Table 3. Patient-level performance evaluation for predicting clinical heart failure or severe tissue pathology from H&E stained whole-slide images for validation folds of the training data set.
Metric | Random Forest | Deep Learning | p-value |
---|---|---|---|
Image-level results | |||
Accuracy | 0.869 ± 0.05 | 0.954 ± 0.03 | 0.05 |
Sensitivity | 0.866 ± 0.07 | 0.968 ± 0.03 | n.s. |
Specificity | 0.872 ± 0.04 | 0.943 ± 0.05 | n.s. |
Positive predictive value | 0.848 ± 0.05 | 0.935 ± 0.05 | 0.05 |
AUC | 0.944 ± 0.04 | 0.977 ± 0.02 | 0.05 |
Patient-level results | |||
Accuracy | 0.923 ± 0.03 | 0.962 ± 0.02 | n.s. |
Sensitivity | 0.917 ± 0.07 | 0.979 ± 0.04 | n.s. |
Specificity | 0.930 ± 0.06 | 0.947 ± 0.05 | n.s. |
Positive predictive value | 0.919 ± 0.07 | 0.942 ± 0.06 | n.s. |
AUC | 0.963 ± 0.05 | 0.960 ± 0.05 | n.s. |
The results are presented as the Mean ± SD of three models.
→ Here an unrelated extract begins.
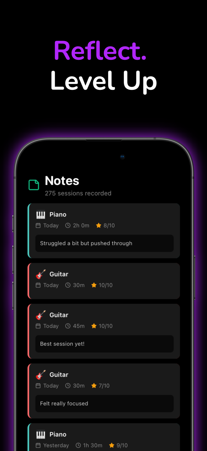 - Post-session reflection: quick 1–3 rating + notes (“What went hard? What sucked? Next improvement?”)
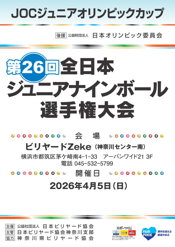 第26回 全日本ジュニア9ボール:要項【関東予選&ガールズ&本戦】 お知らせ 2025.12.21 全日本ジュニア9ボール選手権大会の詳しい情報はこちらから ※参加資格にご留意ください ※関東地区代表決定戦のエントリーはNBA神奈川支部までお願いいたします

Each model was trained on ~770 images from ~70 patients. These models were evaluated on the validation fold of ~35 patients. The patient-level diagnosis is the majority vote over all the images from a single patient. Statistics were determined by an unpaired two-sample t-test with an N of three folds.